Share your dilemmas and get honest opinions from other Mumsnetters.

To think his undiagnosed ADHD is too much for me?

105 replies

NotGreatExpectations · 05/04/2024 09:01

My husband of 10 years has always been difficult.
We have 4 children under 8 so are very much ‘in the trenches’ in terms of parenting and this past year has been the hardest in our relationship.
I work in education and know for certain my husband would be diagnosed with ADHD if he actually had the guts to see a GP but he refuses.
There are so many things he does that make me unhappy (I am getting my ducks in a row and think I can financially leave within a year) but wanted to know if I’m being unreasonable for not supporting him more, especially given my job and what I know about these conditions. It’s very easy to advise others on how to support their kids but much harder to do this myself when physically living with this adult.
some of the things he does:
-becomes obsessed with things such as motorbikes, a film/tv series and will be fixated on this for a few weeks. Will either research motorbikes, buy one etc or binge watch this film/tv series over and over. Most recently this was paranormal so spent hours researching ghosts and binge watching YouTube clips, reading online forums. Has done this before with UFOs, vintage cars, a state in America, piercings etc. makes no difference what the ‘thing’ is, he just becomes obsessive.
-will promise to do a chore/errand and then never follow through on this meaning I’m constantly pissed off or disappointed
-struggles to have serious chats so our rows get swept under the carpet as he will avoid eye contact or walk away or get angry
-have very angry outbursts and be defensive if I highlight something he hasn’t done. Then will calm down a few minutes later and apologise profusely but as he does this so often I struggle to forgive him immediately so then he gets annoyed at me not forgiving straight away and the argument continues.
-when we socialise he goes to extreme but either having to get really drunk and loud/cocky or he will be sat very quiet and introvert if sober, and simply cannot communicate. If we have people over he will isolate himself and watch TV (which is very rude, but not his intention) and only relax when they go.

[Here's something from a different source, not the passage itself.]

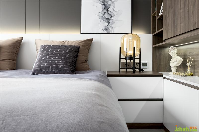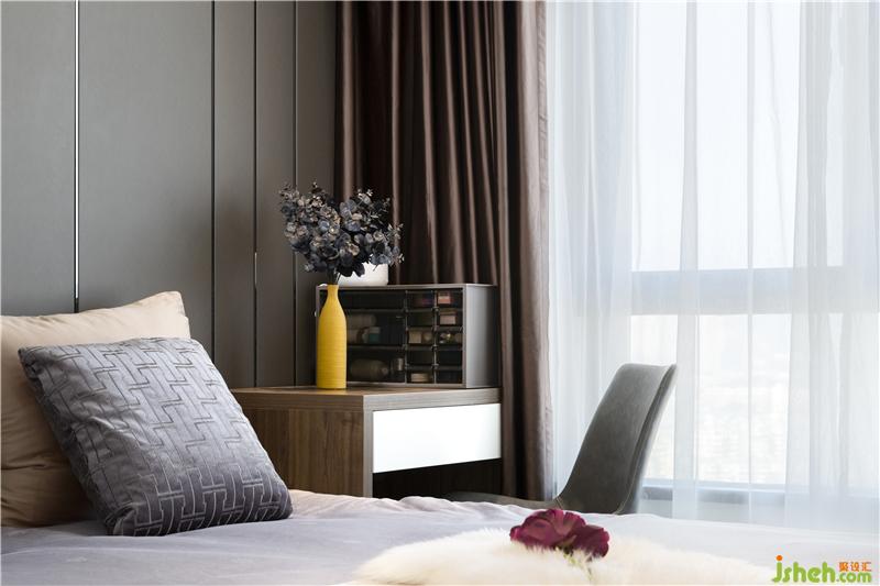 PS:本案整木整體定制無靠背帶儲藏功能床鋪、撞色梳妝臺、床頭柜及書桌、整體隱形拉手、外蓋柜門及抽屜,有效提升整體感。裝修公司

There are more behaviours but these are the first few that sprung to mind!
it’s a lot to live with, especially with young kids.

OP posts:
PostItInABook · 05/04/2024 18:46

Man not being a good husband / father.

MUST be ASD.

Same old shit. Different day.

Fuck off.

Pantaloons99 · 05/04/2024 18:59

PostItInABook · 05/04/2024 18:46

Man not being a good husband / father.

MUST be ASD.

Same old shit. Different day.

Fuck off.

I think that's unfair. My son is Autistic/ADHD. I believe strongly he will do much better finding another Neurodivergent person with similar traits when he's older. I think it's often a bad mix of someone who is Autistic and someone who is Neuro typical just functioning in totally different ways. I understand how it can be hurtful reading comments though if one is themselves Autistic.

Have you heard of PDA? It's another patronising crappy term, but explains a need for autonomy and control that some Autistic people may have. Often you will have alot of challenge and argumentative behaviour that can be difficult to deal with. This is just the truth as hurtful as it may be. I did everything possible to get my son diagnosed. We paid as were fobbed off so much. But I think understanding is the first part.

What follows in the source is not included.